A different upper bound for the binomial coefficient

Question

I need to prove the following statement:

If $3\leq k < t$ then \begin{equation*} \binom{t}{k} < 2^{t-1}-k+1. \end{equation*}

I was given the hint to prove it by induction over $t$ with $k$ fixed, which seems very reasonable.

The base case is rather easy to see: \begin{equation*} \binom{k+1}{k} = k+1 < 2^k-k+1 \Leftrightarrow 2k < 2^k \end{equation*}

However I am struggling hard with the inductive step.
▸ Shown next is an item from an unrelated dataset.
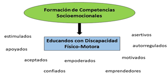 A partir del estudio de los enfoques y criterios que sobre las competencias socioemocionales se han hecho, los autores de esta investigación consideran la formación de competencias socioemocionales en educandos con discapacidad físico-motora, como aquellas habilidades, capacidades, aptitudes y destrezas que el individuo con discapacidad adquiere a lo largo de su desarrollo cognitivo que le permite afrontar los retos y dificultades que se le presenten en los contextos de actuación y que a su vez le faciliten su empoderamiento y capacidad de adaptación al medio, logrando elevar su calidad de vida y su crecimiento personal y espiritual como ser humano. Se considera además que las competencias socioemocionales en educandos discapacitados favorecen el manejo adecuado de las relaciones humanas de estos y la sociedad en general.

My approach for now is using Pascal's identity to obtain \begin{equation} \binom{t+1}{k} = \binom{t}{k}+\binom{t}{k-1} \end{equation} At this point, I would like to apply induction to both terms, but my induction is over $t$ so I am not allowed to do that. (I tried to do double induction, but the induction over $k$ seems even harder).
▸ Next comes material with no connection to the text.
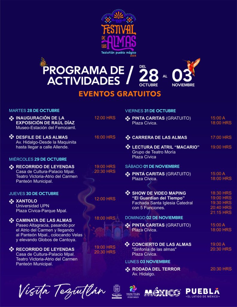 Durante esta edición, los asistentes podrán recorrer calles engalanadas con altares y ofrendas, participar en talleres interactivos, disfrutar de presentaciones musicales y sumergirse en diversas actividades familiares. La gastronomía tradicional también será protagonista, con platillos como tamales, mole, pan de muerto y calaveritas de azúcar, permitiendo que los visitantes experimenten los sabores típicos de la región mientras celebran la vida y la memoria de quienes ya no están. Cada elemento del festival refleja la identidad de Teziutlán y su compromiso por mantener vivas las tradiciones mexicanas.
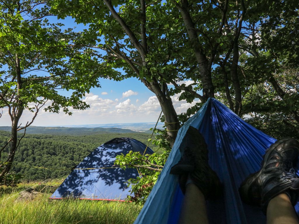 La șase dimineața, am deschis ”ușa” cortului, iar imaginea care ne-a umplut privirea a fost peste poate, linia orizontului fugind hăt-departe, lăsând lumea la vedere. Și imaginea asta a frumosului, a verdelui pădurii, plus liniștea din jur, a fost ca un cântec de leagăn. Am adormit ușor, și am dormit un somn cu zâmbet până aproape de amiază.

In the case that $k\geq \frac{t+1}{2}$ the second term is smaller or equal than the first one, so I apply induction hypothesis \begin{equation*} \binom{t+1}{k} < 2\left(2^{t-1}-k+2\right)=2^t-2k+2 < 2^t-k+1 \end{equation*}

However, I am very confused for what to do in the remaining case $k>\frac{t+1}{2}$.
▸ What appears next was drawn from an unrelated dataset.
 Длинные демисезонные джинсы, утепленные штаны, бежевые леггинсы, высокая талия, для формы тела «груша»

Any help or hint will be appreciated, thank you!

Answer 1

If you want to deal with the formula \begin{equation} \binom{t+1}{k} = \binom{t}{k}+\binom{t}{k-1}, \end{equation} you can deal with the following statement by induction on $t$ : for all $t\geq 4$, for all $k$ such that $3\leq k<t$, $$\binom{t}{k}\leq 2^{t-1}-k+1.$$

• Base case : $t=4,t=5$ (easy to show).
• Induction : if $4\leq k \leq t-1$ \begin{align*}\binom{t+1}{k} = \binom{t}{k}+\binom{t}{k-1}&\leq 2^{t-1}-k+1+2^{t-1}-(k-1)+1\\ &\leq 2^t-k+1, \end{align*} and if $k=3$ or $k=t$ it's trivial.

Answer 2

Hint: Notice that $$\binom{t+1}{k} = \frac{(t+1)!}{(t+1-k)!k!} = \frac{t+1}{t+1-k}\cdot \frac{t!}{(t-k)!k!} =\frac{t+1}{t+1-k}\cdot\binom{t}{k}.$$